Путь, на котором можно было отказаться от лирического героя и тем самым преодолеть «литературность», условность, добиться чистого «выражения», при этом сохраняя себя «вне» стихов, не давая возможности считать их «лирическим дневником», исповедью, «подсказал» Гейне, оказавшийся чрезвычайно близким Фету (впоследствии их будут рутинно сравнивать). Сам поэт признавал: «Никто... не овладевал мною так сильно, как Гейне своею манерой говорить не о влиянии одного предмета на другой, а только об этих предметах, вынуждая читателя самого чувствовать эти соотношения в общей картине, например, плачущей дочери покойного лесничего и свернувшейся у ног её собаки». К Гейне надо прибавить Лермонтова; о чтении стихов последнего Фет сообщает, но об их влиянии на своё становление как поэта не говорит. Между тем оно не просто имело место, но было существенно более глубоким, чем влияние Пушкина, которого Фет называл своим недосягаемым кумиром. Конечно, это не Лермонтов-гражданин, сокрушающийся о поражении, которое потерпели в России свобода и правда, автор «Думы», «И скучно и грустно...», «Как часто, пёстрою толпою окружён...», «Поэта», «Смерти Поэта», но Лермонтов-лирик, поражённый красотой окружающего мира, ощущающий в нём «космическую» красоту и гармонию (в «Ангеле», «Утёсе», «Тучах», «Когда волнуется желтеющая нива...», в описании «божьего сада» в поэме «Мцыри»), создатель песен в «Демоне» и, конечно, элегии «Выхожу один я на дорогу...». Это соединение Лермонтова и Гейне (совсем не противоречивое — Гейне и для Лермонтова был поэт чрезвычайно важный) и стало решающим шагом к обретению Фетом собственного поэтического голоса.

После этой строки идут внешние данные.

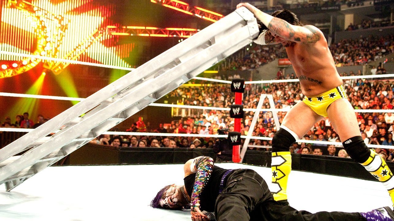 At one point, Hardy had Punk sprawled out on a table and climbed to the top of a 20-foot ladder. Launching himself off with a Swanton Bomb, Hardy crashed into Punk and through the table.

Открытие, заключающееся в том, что сопоставление предметов важнее их «воздействия» друг на друга, оказалось чудодейственным средством преодоления прежних затруднений и ложных путей.

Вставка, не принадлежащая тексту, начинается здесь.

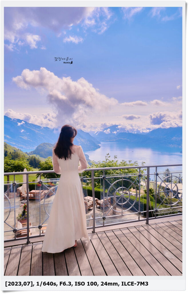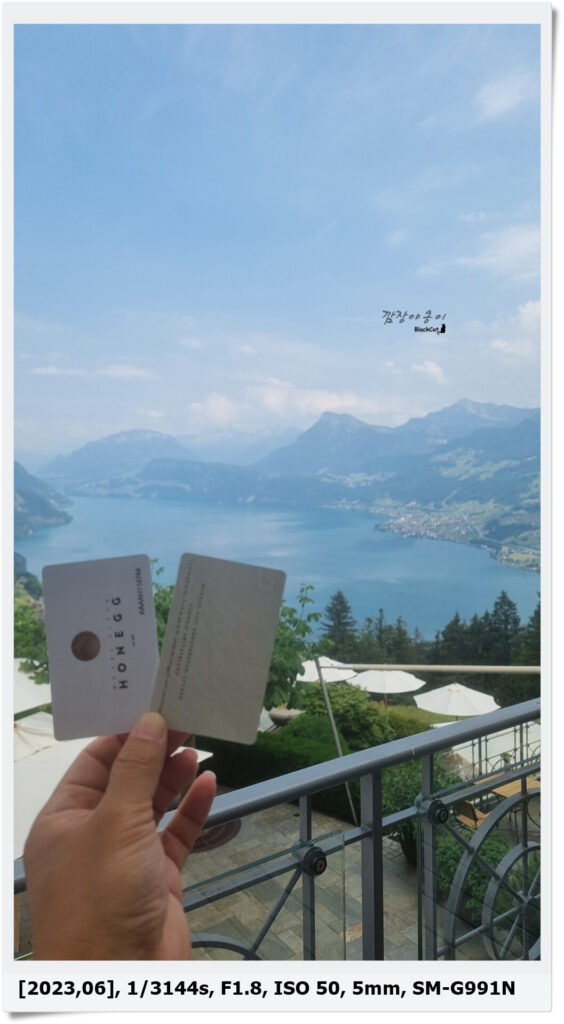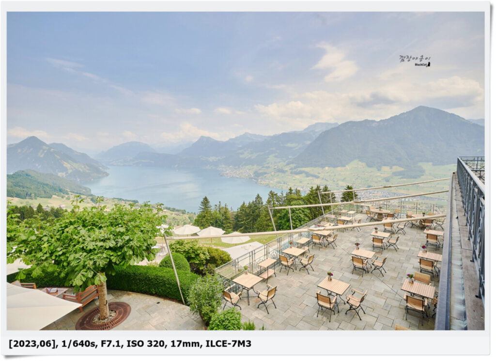 그래도 다행이 비가 오기까지 시간이 조금 있어서 루체른 호수가 보일때 사진을 좀 찍긴 했네요. 푸니쿨라까지 타고 올라 와서 그런지 뷰가 장난 아니죠? 진짜 스위스는………….뷰야 뭐 말로 다 할 수가 없답니다.

Во-первых, оно позволило отказаться от поисков каких-то исключительных «предметов», от экзотики или экстраординарного опыта, достойного быть описанным в стихах. Умелое, неожиданное сочетание обычных предметов превращает их во что-то особенное, позволяет сделать поэзию из чего угодно. Полонский вспоминал: «Юный Фет... бывало, говорил мне: “К чему искать сюжета для стихов; сюжеты эти на каждом шагу — брось на стул женское платье или погляди на двух ворон, которые уселись на заборе, вот тебе и сюжеты”»167. Чуткий Григорьев писал — правда, о личности «Вольдемара», а не о его стихах: «Он был хорош, как муж, но на устах его мелькала иногда обаятельная, змеиная улыбка женщины. Минуты такой улыбки бывали редки, но они бывали. И то не были минуты мечтательности, ибо мечтательность есть ожидание лучшего. Нет! то был странный, непостижимый, противоречивый рассудку возврат первоначальных детских снов, розовых сияний, какими окружён божий мир для едва пробудившегося сознания. В нём была способность усыплять своё я и во время сна накидывать на него давно сброшенную оболочку»168. Эта детскость взгляда, освобождающая предметы от унылых банальных связей, окружает «розовым сиянием» любой предмет, потому что возвращает ему его собственное бытие, лишает его житейской функциональности, открывает его красоту.
Во-вторых, вместо поэтизации жизненной рутины, быта, характерной для позднего Пушкина, был намечен другой способ поэтизации прозы жизни: её превращение в нечто, отличное от самой себя, с помощью её «деформации» извлечение из неё красоты.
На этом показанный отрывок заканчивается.